After they packed and secured everything, including Haniel’s bike that now rested on the pedestal beside the trailer’s door, Uriel and Haniel went into the truck’s cabin. Irene and Tristian returned to the dark-grey limousine in which they arrived, and Tina wrapped her arms tightly around Muriel’s wide shoulders and gave a smile to the red eyes as he lifted them up with strong flaps.
Muriel settled them at one of the broken windows, where, after they secured the belts and rope that tied Tina to Muriel, they waited. They didn’t have a plan beyond the one to force their way out, but Tina doubted that they even needed one.
An explosion, this time bigger than all the rest, blew the door open, and it flew over the car and the truck, and across the warehouse as if it were nothing more than a slip of paper, leaving a hole with twisted edges in the sheet metal wall.
Are we ready? Uriel’s voice said over their mental connection established through Muriel.
Yes, she replied together with Muriel.
The black, metal monstrosity, Freightliner Coronado, if Tina remembered the name correctly, came to life, the power of its engine sending vibrations through floor and walls of the warehouse as Uriel pressed on the gas.
Irene and Tristian drove through the hole and into the men that tried to push their way into the warehouse, but the thin layer of green that sparkled where it was touched, the remnants of Haniel’s shield, held them at bay.
Irene half-climbed out of the window and with her pistols in her hands, she shot everybody in her range, causing Aradmas to fall like dominos.

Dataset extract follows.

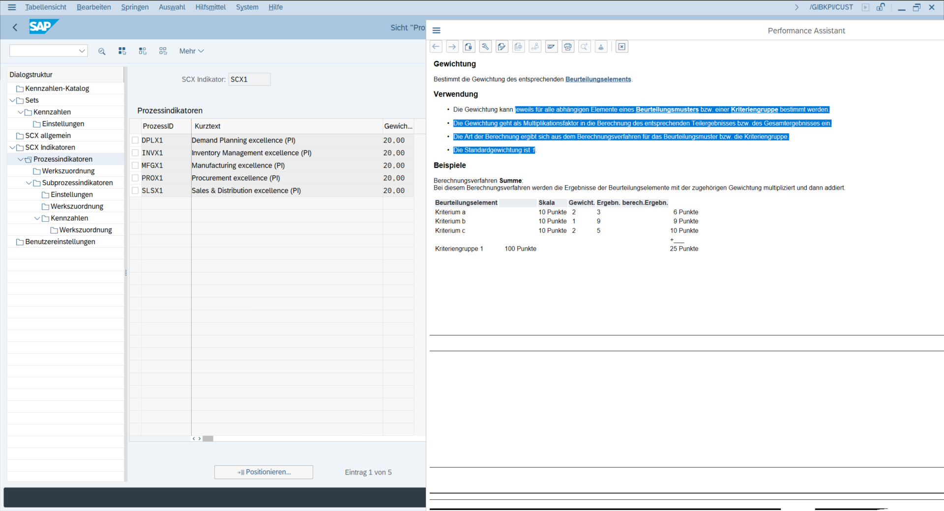 Die F1-Hilfe der Gewichtung entspricht nicht der Logik der unterschiedlichen Prozessindikatoren im Customizing. Siehe Screenshot

The warehouse’s shield cracked under the assaults of fire and rocket projectiles, the group of men broke: one-third poured into the warehouse and the rest of them rushed toward their vehicles, jumped into them and drove toward Tristian and Uriel.
Uriel followed the black Mercedes in his monstrosity, with Haniel using the box with electric beams from the cabin on men who used rocket launchers on the trailer, which was protected with a net of high voltage electricity -- another one of Haniel’s inventions -- and a protective shield.
Tina knew that she didn’t need to worry about them, Haniel’s shields could take more damage than a few rockets and flame-throwers could cause, but she wished she were down there, helping them -- not that Uriel, Irene and Tristian would have allowed her. Her lips narrowed. Treating her like she was a fragile damsel in distress. How unfair.
Muriel woke her from her musing with a tap.
They climbed out over the broken glass. She wrapped her arms around Muriel’s middle then he lifted them up in the air. They circled over the warehouse, the cold wind caressed Tina’s face and seeped under her thin, leather coat, which she had borrowed from Muriel, making her wish that she had taken mittens and a cap with her.
She hid her hands in the soft black fur that covered Muriel’s arms, her gaze on the ground below her. She found the dark-blue limousine that stood at the edge of the warehouses and before which stood a petite woman with a high ponytail. She used binoculars to observe the upcoming procession.
Is that her? Tina pointed in the car’s direction, scrutinizing the silhouette dressed in a knee-length coat, with light scarf tied in a large bow around her neck and her feet shod in what appeared to be ankle boots with high heels. The girl who wants Damon.
Probably. Muriel lifted them higher in the air.
Tina pulled the edge of her woollen shawl and covered the lower part of her face, her eyes still on the woman, who now dropped the binoculars and went back into the car, which started to drive away. A new threat. Tina leaned her cheeks against the softness of Muriel’s fur. That’s all they needed.